Однако, быть может, враги философии допускают, что именно она является несчастным исключением из всех других деятельностей и наук; что именно у философии недуг составляет самую сущность организма; что самое задание ее таит в себе внутренний порок неосуществимости; что здесь есть мнимая проблема, порождающая сплошные гнезда недоразумений. Но это значило бы, что у философии нет и не может быть особого, самостоятельного предмета; что ей недоступен систематический метод; что она никогда не могла доказывать и никогда не сможет доказать своих утверждений; что она пуста и мертва; что у нее нет и не может быть подлинной, творческой связи с жизнью.
Тот, кто взялся бы доказать и доказал бы эти тезисы – оказал бы великую услугу человечеству: он положил бы раз навсегда конец претензиям и посягательствам философов; он упрочил бы пределы истинной науки; он указал бы философии ее истинный предел и направил бы силы моло-дьгх поколений в сторону искусства и религии. И в результате этого подвига философия оказалась бы культурным пережитком наряду с философским камнем и жизненным эликсиром, наряду с perpetuum mobile и гомункулом.
2
Доныне врагам философии не удалось доказать этих тезисов, они иногда побеждали там, где доказывали недостаточную методичность того или иного философствования; они всегда бывают правы, когда указывают на расхождения и разногласия между отдельными философскими учениями; они всегда будут иметь основание отвергнуть мертворожденные выдумки философов всюду, где такие выдумки возникнут. Однако все это нисколько не подтверждает их принципиального отрицания философии. Доказывая ее невозможность или несостоятельность, они имеют перед собою творчество, сущность которого скрыта от них, и предмет, доступа к которому они не знают. Их сомнение порождено не опытом или исканием, а непониманием и предвзятостью. Они отрицают то, чего не видели; они объявляют неосуществимым то, чего сами не пытались осуществить. Их рассуждения не восстают из страдания в предмете и не покоятся на подлинном познавательном напряжении; они судят со стороны, лишенные запросов, органа, опыта и компетентности. Поэтому соображения их имеют всегда априорный и неубедительный характер; а компетентный ум спокойно созерцает комизм их усилий – доказать невозможность того, что на самом деле уже реально.

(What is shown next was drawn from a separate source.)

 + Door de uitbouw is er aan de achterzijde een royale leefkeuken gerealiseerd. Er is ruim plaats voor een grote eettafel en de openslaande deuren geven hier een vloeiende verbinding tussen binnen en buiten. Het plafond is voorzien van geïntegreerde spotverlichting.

Ибо, вопреки мнению, философия имеет свою научную лабораторию и свои жизненные достижения.
Эта лаборатория доступна далеко не всякому и многим войти в нее удается. Даже из тех, которые мнят себя философами и имеют соответствующую репутацию, не все служат философии и творят ее. Зато в этой лаборатории живут и работают многие, не знающие о том и не понимающие своего жизненного дела, так, что они удивились бы, узнав об истинном значении своей деятельности. В этой лаборатории накапливается и осмысливается духовный опыт, без которого нет, не было и не будет настоящей философии; из нее выходят все подлинные философские достижения, научные по своей форме и глубоко жизненные по своему содержанию.

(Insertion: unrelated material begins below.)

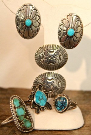 Sterling & Turquoise Jewelry – Earrings $35 per pair (Dealer 97), Rings L to R Turquoise & Agate, Signed $54 (Dealer 84), Sterling & Turquoise $42.50 and $45 (Dealer 320)

Доказать невозможность таких достижений нельзя потому, что они фактически имеются налицо в великом историческом хранилище философии. На протяжении истории философия уже показала, что она имеет подлинную, творческую связь с жизнью; каждым серьезным свершением своим она доказывает, что у нее есть особый, самостоятельный предмет; ее лучшие творцы и вожди выковывали систематический метод и владели им; она по самому существу своему ищет доказательств для каждого своего утверждения и многие уже доказала. Поэтому тому, кто не признает философию, приходится отрицать факты или закрывать себе на них глаза; ему предстоит доказывать, что состоявшееся не состоялось, что предстоящего нет, что оно невозможно; для этого он должен обеспечить слепоту и себе и своему слушателю. И потому, если он «победит», то его «победа» будет свидетельствовать только о его некомпетентности; а это значит, что он совсем не победит.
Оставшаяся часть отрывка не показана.